Your instructions
Write out the listing below character for character, though without its pictures.

─── Provided data

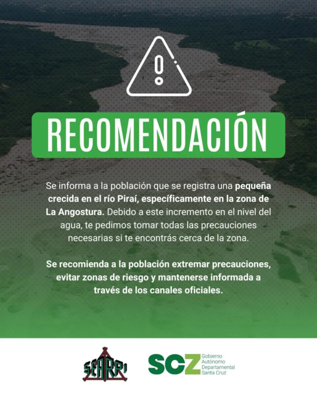 “Se informa a la población que se registra una pequeña crecida en el río Piraí, específicamente en la zona de La Angostura. Debido a este incremento en el nivel del agua, pedimos tomar todas las precauciones necesarias si se encuentran cerca de la zona”, señala la publicación oficial.
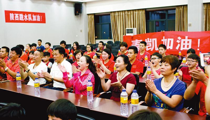 秦凱家人和體育局領(lǐng)導(dǎo)以及隊(duì)友觀看比賽直播三秦都市報(bào)記者吳岸彪攝
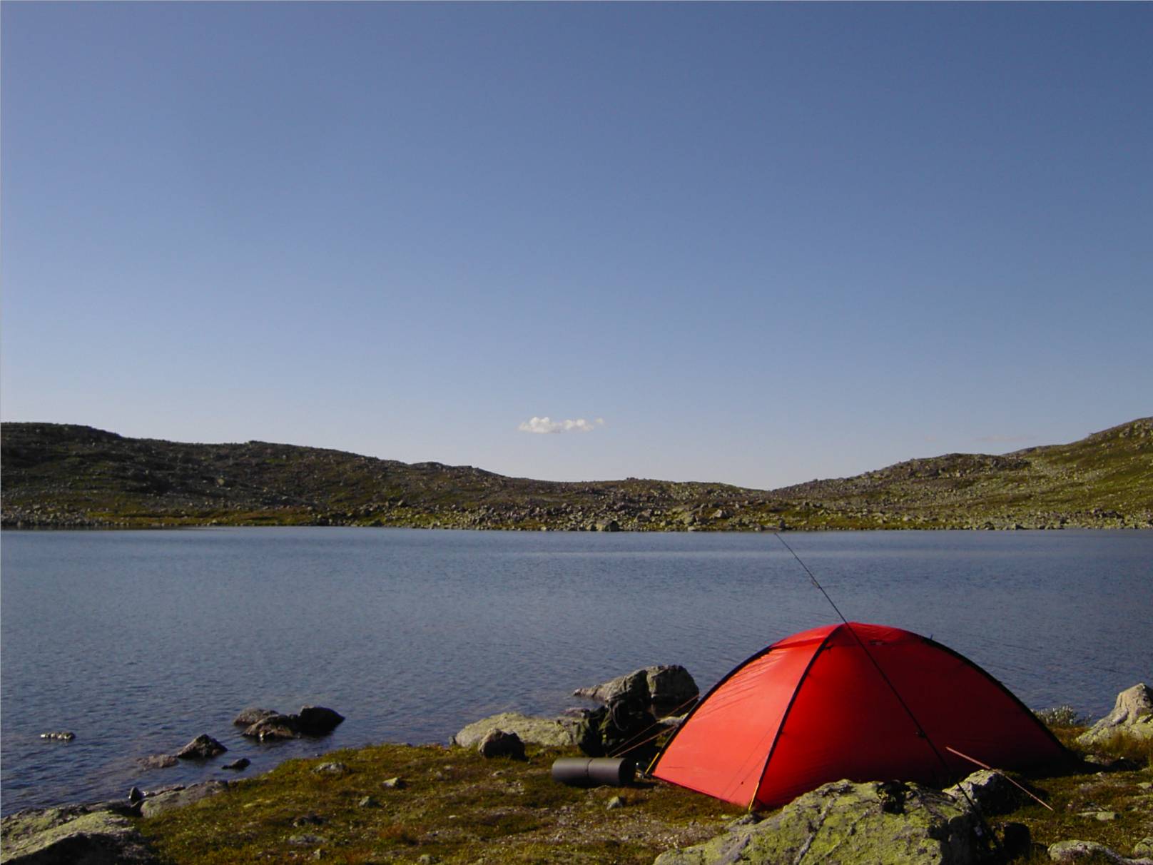 Vi slo leir midt mellom Nord og Midtfjorden. Da det det var overhengende fare for tordnevær også denne kvelden, slo jeg opp teltet ved en stor høy stein som kunne ta av for eventuelt lyn. Det ble riktig nok litt regn utpå kvelden, men tordeværet holdt seg heldigvis unna.

──────

Your solution
 “Se informa a la población que se registra una pequeña crecida en el río Piraí, específicamente en la zona de La Angostura. Debido a este incremento en el nivel del agua, pedimos tomar todas las precauciones necesarias si se encuentran cerca de la zona”, señala la publicación oficial.
 秦凱家人和體育局領(lǐng)導(dǎo)以及隊(duì)友觀看比賽直播三秦都市報(bào)記者吳岸彪攝
 Vi slo leir midt mellom Nord og Midtfjorden. Da det det var overhengende fare for tordnevær også denne kvelden, slo jeg opp teltet ved en stor høy stein som kunne ta av for eventuelt lyn. Det ble riktig nok litt regn utpå kvelden, men tordeværet holdt seg heldigvis unna.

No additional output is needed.